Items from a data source
• • • •

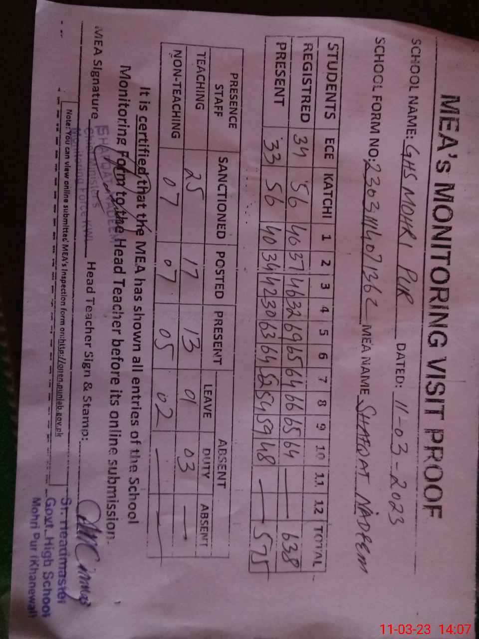 | Attendance Register | Head Teacher | MEA with School | Visit Proof |
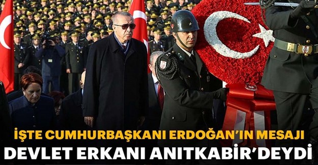 Gazi Mustafa Kemal Atatürk, vefatının 80'inci yılında tüm yurtta anıldı. Ankara Anıtkabir'de devlet erkanı Aslanlı Yol'daki yürüyüşünün ardından Atatürk'ün kabrine gelerek çelenk bırakıldı. Anıtkabir özel defterine yazdığı yazıyı okuyan Cumhurbaşkanı Erdoğan, saldırılara rağmen Türkiye'yi dünyanın en güçlü devletlerinden biri yapacaklarını söyledi."SALDIRILARA RAĞMEN EN GÜÇLÜ DEVLET OLACAK"Anıtkabir özel defterini imzalayan Cumhurbaşkanı Recep Tayyip Erdoğan, burada bir konuşma yaptı. Erdoğan, "Aziz Atatürk İstiklal Harbimizin Başkomutanı ve Cumhuriyetin kuruluşu olan şahsınızı vefatınızın 80'inci yıl dönümünde rahmetle anıyoruz. Türkiye Cumhuriyeti'ni dahili ve harici behahların saldırılarına rağmen dünyanın en güçlü ve müreffeh devletlerinden biri yapma yolunda kararlılıkla yürüyoruz. Cumhuriyetimizin 95'inci seneyi devriyesinde açılışını yaptığımız İstanbul Havalimanı tarihe nakşolmuştur. Ruhun şad olsun."
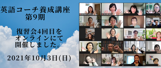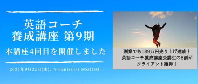 23名の新米英語コーチに先輩コーチからのアドバイス英語学習を継続していくために重要な目標設定とは?●英語コーチ養成講座第4回目復習会詳細URL【開催日程】開催日・開催場所:2021年10月3日(日)オンライン(ZOOM)開催時間:10:00~12:00参加人数:23名【プログラム詳細】今回の復習会は英語コーチングとして独立したばかりの新米英語コーチに対して英語コーチングを初めて実施する際に陥りがちな問題例を挙げ、どのように解決したらよいのかを2名の英語コーチ養成講座卒業生の経験をもとにお話しいただきました。英語を短期間で上達させるためには毎日の英語学習が必須です。しかし、クライアントさん...
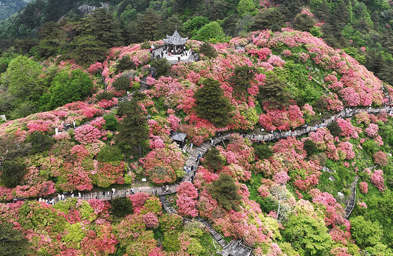 近日,湖北省麻城市龟峰山景区的十万亩连片杜鹃花进入盛花期,吸引各地游客前来赏花。龟峰山景区天然古杜鹃群落平均树龄在百年以上,每年春季,集中连片的杜鹃花绽放,形成红色花海,美不胜收。
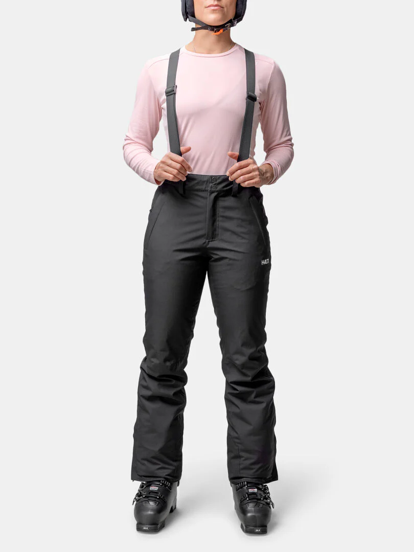 Standardpassform och stilren look kompletteras med funktionella detaljer som avtagbara hängslen, snölås och förstärkta benslut. Passar perfekt med alla Halti skidjackor.
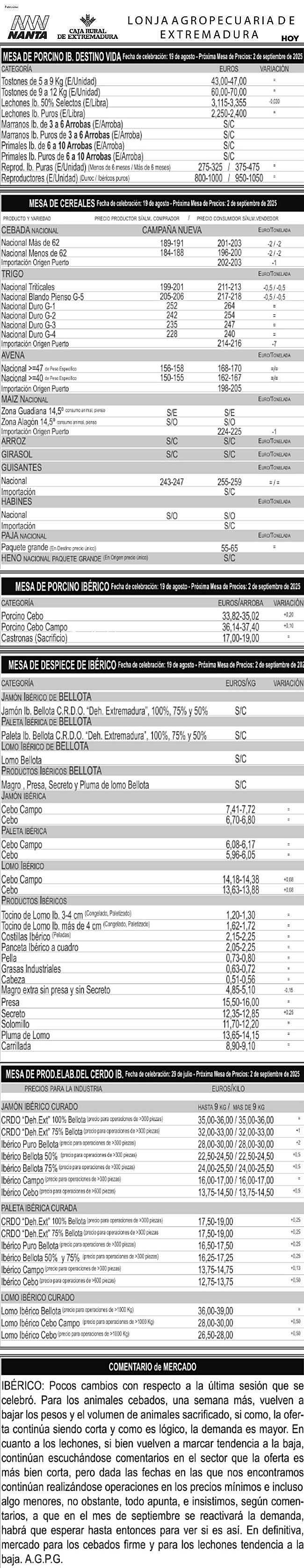 Consulte toda la información de las mesas de la lonja agropecuaria de Extremadura del jueves, 21 de agosto de 2025.

• • • •

- _EXERCISE REQUIREMENTS_
What's needed is an exact copy of the records above from the line containing "23名の新米英語コーチに先輩" down to the line containing "Standardpassform och stilren", both included, without any pictures.

- _EXERCISE ANSWER_
 23名の新米英語コーチに先輩コーチからのアドバイス英語学習を継続していくために重要な目標設定とは?●英語コーチ養成講座第4回目復習会詳細URL【開催日程】開催日・開催場所:2021年10月3日(日)オンライン(ZOOM)開催時間:10:00~12:00参加人数:23名【プログラム詳細】今回の復習会は英語コーチングとして独立したばかりの新米英語コーチに対して英語コーチングを初めて実施する際に陥りがちな問題例を挙げ、どのように解決したらよいのかを2名の英語コーチ養成講座卒業生の経験をもとにお話しいただきました。英語を短期間で上達させるためには毎日の英語学習が必須です。しかし、クライアントさん...
 近日,湖北省麻城市龟峰山景区的十万亩连片杜鹃花进入盛花期,吸引各地游客前来赏花。龟峰山景区天然古杜鹃群落平均树龄在百年以上,每年春季,集中连片的杜鹃花绽放,形成红色花海,美不胜收。
 Standardpassform och stilren look kompletteras med funktionella detaljer som avtagbara hängslen, snölås och förstärkta benslut. Passar perfekt med alla Halti skidjackor.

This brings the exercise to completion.